Research output: Contribution to journalArticlepeer-review

124 Scopus citations

Abstract

The diagnosis of granular lymphocytic leukaemia (GLL) requires the presence of an immunophenotypically distinct T-cell (T-GLL) or natural killer-cell (NK-GLL) population. Flow cytometric immunophenotyping was performed on 21 T-GLL patients, 11 NK-GLL patients and 20 normal control subjects using antibodies to T and NK cell-associated antigens in order to accurately identify the distinguishing features of T-GLL and NK-GLL. The NK antigens evaluated included: CD16, CD57, CD94, CD161, and the killing inhibitory receptors (KIRs) CD158a, CD158b and CD158e (p70). Abnormal T-antigen expression was present in all T-GLL patients. CD57 was frequently expressed in T-GLL, however, one-third of patients showed partial CD57 expression similar to that seen in T cells from normal control subjects. Ten T-GLL were KIR positive; all expressed a single KIR isoform. All NK-GLL showed a distinctive, abnormal immunophenotype. Four NK-GLL expressed a single KIR isoform; the remaining seven patients lacked all tested KIRs, which is also a distinct, abnormal finding.
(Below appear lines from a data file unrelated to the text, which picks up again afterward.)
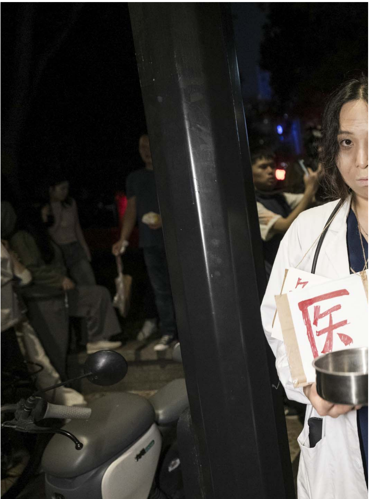
2023年10月30日，中国上海，有市民扮成“医学牲”庆祝万圣节。

更多人则 cosplay 各种各样的人物、影视和生活场景。惟中国政治人物较敏感，未见有相关装扮出现。但网上也流传好几位“鲁迅”打扮的人物，身旁放着写有“学医救不了中国人”的纸板。
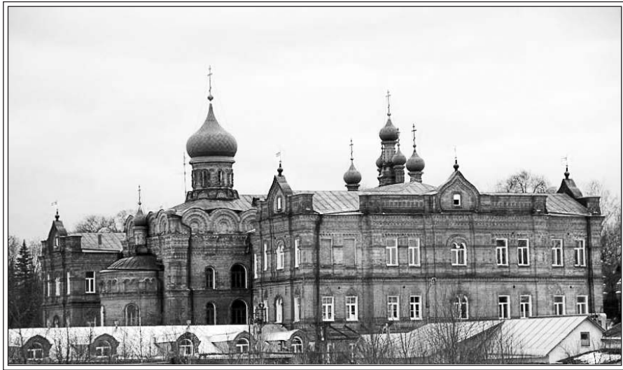
Бывшая больница-богальня в Троице-Сергиевой Лавре. Современная фотография

Кто бы мог предположить, что ближайшие помощники о. Иоанникия — члены Учрежденного Собора — напишут на него донос, такой же нелепый, как сам он писал когда-то на архимандрита Мелетия. В покаянном письме казначая иеромонаха Анатолия в Московскую Синодальную Контору прямо говорится: «Бога ради простите нас за то, что мы сделали ошибку — подали жалобу на о. Настоятеля... простите нас, мы имели примеры от самого о. Настоятеля подать жалобу. При нас в бытность его исправляющим должность казначая с 1888 по 1891 год о. Иоанникий на настоятеля архимандрита Мелетия сделал пять доносов. Все они были сочинены Иоанникием, копии доносов и теперь хранятся в монастырском архиве. Настоятеля сменили, а Иоанникий был прав и оставался на своем месте» 73 . О. Иоанникий в конце своего служения также оказался уволен на покой и изгнан из монастыря в Савватиевский скит, где смиренным
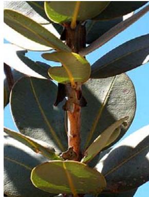
28 Vochysia elliptica
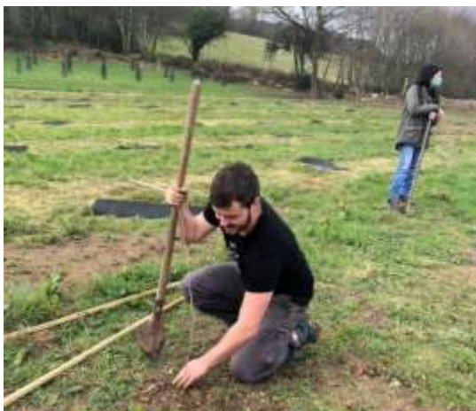
Plantation – Sulniac - 2019

Afin de préparer le territoire au changement climatique, Clim'actions Bretagne Sud anime le programme Forêt et Climat . Les plantations d'arbres permettent d'augmenter le stockage de carbone, favoriser la biodiversité et améliorer la qualité de l'air et paysagère.
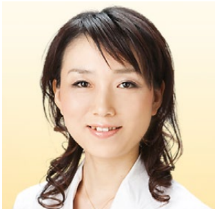
桑島内科医院 副院長 新宿溝口クリニック 栄養療法医師
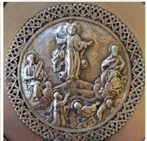
Слика 29: Детаљ сребрне рипиде, медаљон са композицијом Срећења Христовог
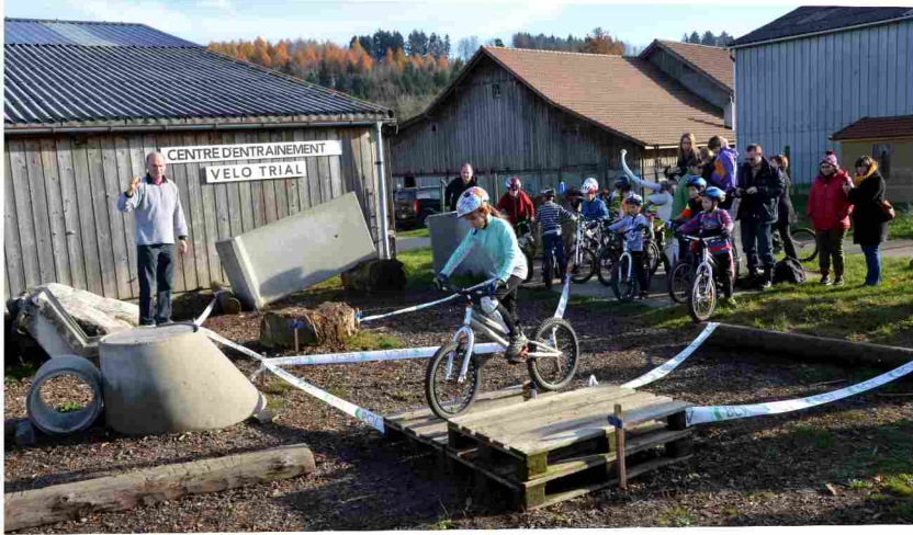
belle météo, 29 participants 2 entraîneurs, zones dans la halle et dehors
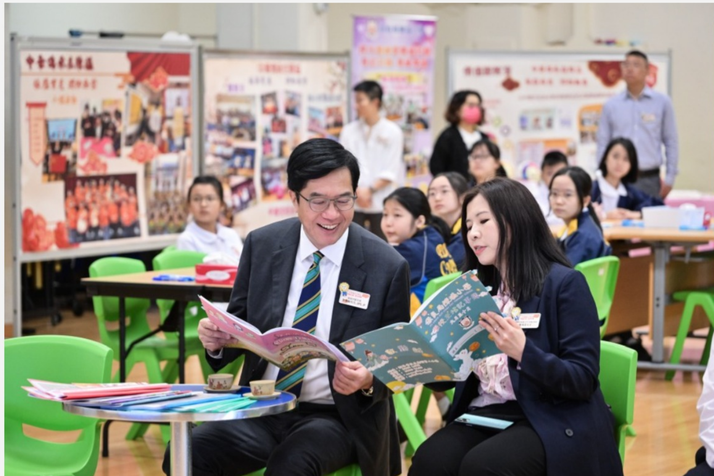
黃偉綸去年到訪了保良局陳澁小學，了解學校推行國民教育的情況。

有很多商界人士告訴黃偉綸，有一個安定的政治環境，又沒有國家安全的不確定性影響，令他們無論做生意，還是做一些長遠投資的決定，更加有信心。
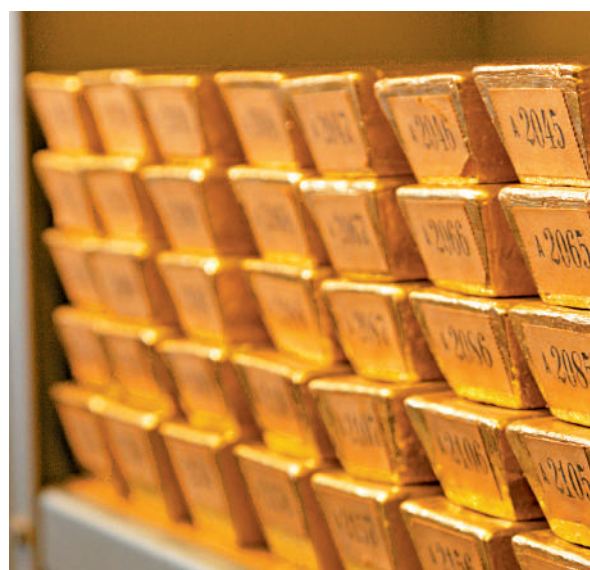
▲隨著美國國債失去避險作用，全球資金加速泊入黃金資產。

美元信心危機受到動搖，由於美國經濟例外論已站不住腳，加上美國債務負擔急增，愈來愈多人懷疑美元作為全球儲備貨幣的地位
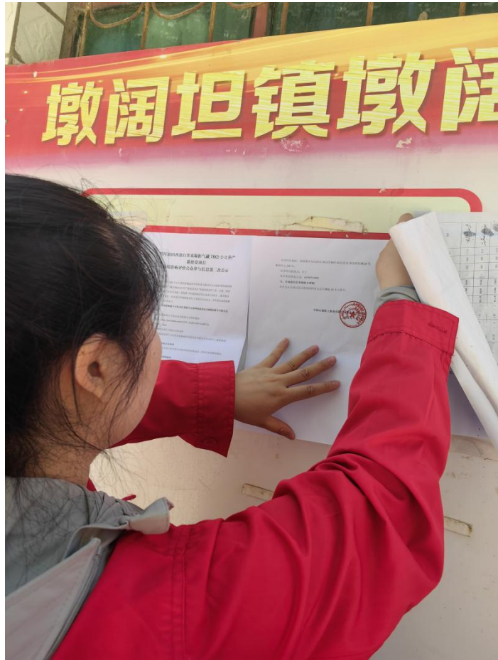
图 3.2-4 张贴公示照片

Immunoperoxidase staining of bone marrow biopsy specimens from NK-GLL patients with antibodies to CD8, TIA-1 and granzyme B revealed the disease-specific distinctive staining patterns previously found in T-GLL. These studies delineate the unique immunophenotypic features diagnostic of T-GLL and provide strong evidence that NK-GLL, like T-GLL, represents a clonal lymphoproliferative disorder.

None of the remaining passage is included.